Ouviu os gritos do irmão no outro quarto, pedindo por socorro e foi tudo mais o
que ainda pode ouvir. Quis poder estar ao lado dele e abraça-lo.
O homem mal se virou calmamente
e seguiu na direção da sua casa, onde guardou o
que havia roubado. Depois, foi para a casa da namorada do outro lado
cidade. Ela, ao vê-lo, abraçou e lhe disse:
“Você
tá fedendo queimado. Que cheiro danado de fumaça!”
Ele olhou para a namorada,
sorriu e respondeu:
“Tou
mesmo... Queimei uns bichinhos lá em Ceilândia pra servir de exemplo pra outro
bicho.”
Tomei por base para esta
narrativa, o assassinato de duas crianças no último dia 12 de maio em
Ceilândia, cidade Satélite de Brasília, no Distrito Federal. Não citei o nome
do assassino por entender que ele não merece ter seu nome citado. Com mais
essas mortes eu pergunto o que está acontecendo pelas periferias do Brasil? Uma
mulher é assassinada por ter sido confundida com uma sequestradora; outra
mulher foi torturada e morta por ter furtado um pacotinho de bolacha; um garoto
é morto por que era um empecilho na vida de uma madrasta; um homem foi quase
linchado por ser irmão de um suposto pedófilo; e duas crianças são queimadas
vivas por que eram irmãos de um homem que devia R$140,00 para um psicopata.

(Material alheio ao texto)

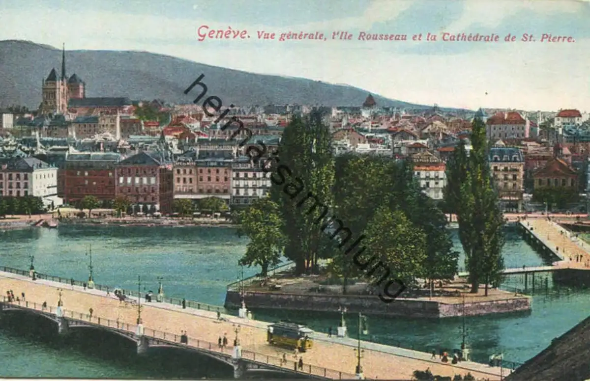 Genève - Vue generale - L' Ile Rousseau et la Cathedrale de St. Pierre
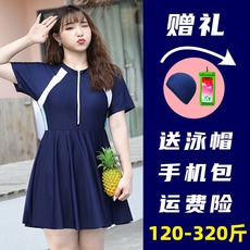 泳衣女大码胖mm200斤显瘦遮肚保守微胖女孩连体裙式长袖防晒温泉
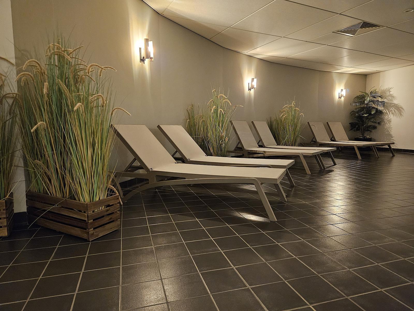 Der Ruheraum verfügt über eine angenehme und beruhigende Atmosphäre, in der Sie sich schnell zu Hause fühlen und sich optimal entspannen können. Lesen Sie ein gutes Buch, befreien Sie Ihren Geist oder träumen Sie einfach. Erleben Sie einen Moment für sich selbst und nehmen Sie Platz in einer der komfortablen Liegen bei angenehmen Temperaturen.
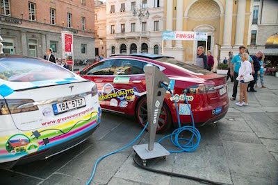 PARMA – Ha fatto tappa per la prima volta a Parma l’Electric Marathon 2016, il rally annuale di elettromobili, giunto alla sua quinta edizione, che attraversa l’Europa da Leopoli in Ucraina, fino a Montecarlo. Tanti i curiosi che in piazza Garibaldi hanno osservato le auto legate alla competizione tra cui alcuni modelli di Tesla P85D ModelS e Chevrolet Volt. Ad accoglierli il sindaco, Federico Pizzarotti, e l’assessore all’ambiente e mobilità, Gabriele Folli, che hanno assegnato i diplomi relativi alla classifica della tappa parmigiana. La maratona di auto elettriche è partita il 22 maggio scorso da Leopoli in Ucraina, ha attraversato l’Europa dell’est, per giungere in Svizzera. La tappa odierna, Bellinzona – Parma, proseguirà con la partenza nella mattinata di domani, alle 11, sempre da piazza Garibaldi, alla volta di Bologna, per toccare anche Pisa e Larderello e Mentone, e concludersi il 3 giugno a Montecarlo.
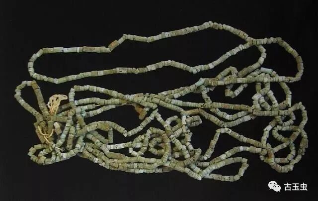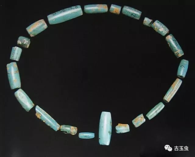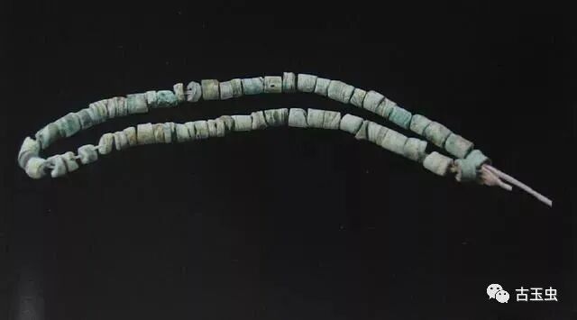 盘龙城遗址出土的绿松石制品与中原地区同时期的绿松石制品有着较为密切的文化联系,比如,郑州小双桥祭祀坑也同样出土过金片绿松石制品的残片。 从二里头文化到商文化时期,人们对绿松石制品的制作与使用一路发展演变,从商王朝的北土到南土,绿松石制品的发现与发掘,揭示了华夏文明在长江流域与中原地区密切的文化联系。齐家文化 绿松石珠

Isso tudo sem contar a quantidade de moleques armados, assassinos impiedosos
praticando assaltos pelas ruas das cidades do Brasil.
A população não confia na
polícia, não confia na justiça, não confia nos políticos, não confia na saúde e
está aterrorizada quando sai de casa, com medo das greves nas empresas de
ônibus e metrôs. Isso é uma merda. Sim, isso mesmo, como disse o bêbado subindo
a avenida da minha cidade: “merda pura esse negócio todo.”

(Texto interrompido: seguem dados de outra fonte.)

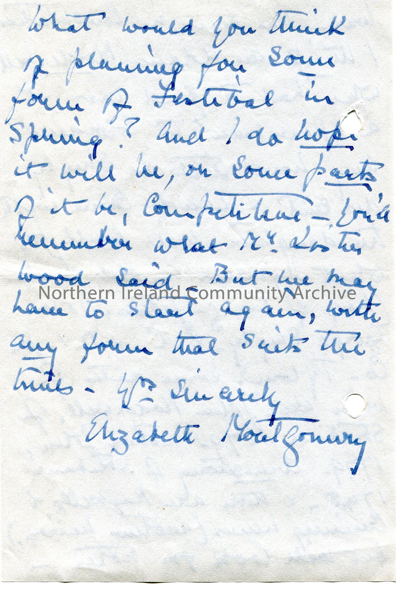 Page 2 of 2 of handwritten letter to Mr Henry. Photographed the McCulloch airs? which were lent to her by Miss Cox. Mentions Mary and Edward Alexander of Portglenone, Houstons of Craigs, Houstons of Red Hill, Adairs of Ballymena. Mentions letters she found and a cousin who died after the war [World War I]. Mentions the Constitution and an Adam Modenwell. Appears to be writing about ancestors. Suggests the formation of a Spring festival.
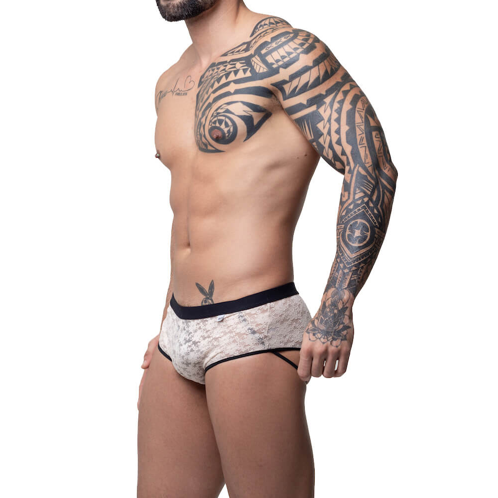 Sunga feita em tecido rendado com tiras elásticas atrás e transparência para te deixar mais sensual. Chega mais!
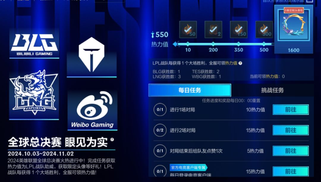 2024英雄联盟全球总决赛火热进行中!截止至11月2日,召唤师完成任务获取热力值为LPL战队助威,即可领取全球总决赛电竞个性化道具自选宝箱、S赛定制头像框-勇往直前 百炼成金和龙魂水晶等好礼。同时,LPL每获得1个大场胜利,全服可领热力值!

Por que a população não confia
na polícia? Por que a população não confia na justiça? Por que a população não
confia nos políticos? Por que a população não confia no transporte público? Por
que a população não confia no sistema de saúde? Todo mundo sabe por quê. Boa
parte das polícias está corrompida, com bandidos nas suas fileiras; a nossa
justiça é a mais lenta do mundo, além de privilegiar quem tem dinheiro; a maior
parte dos políticos é corrupta e ou defende interesses pessoais; O nosso
transporte público é um dos mais caro do mundo e com a pior qualidade; e o
nosso sistema de saúde está falido.
Talvez a resposta para o caos
que está se instalando no meio das classes menos favorecidas do Brasil esteja
na falência das suas instituições, como explicitado acima. Uma nação onde a
justiça falha em demasia, tende a rumar para a desordem.
Texto integral de Pedro Paulo de Oliveira.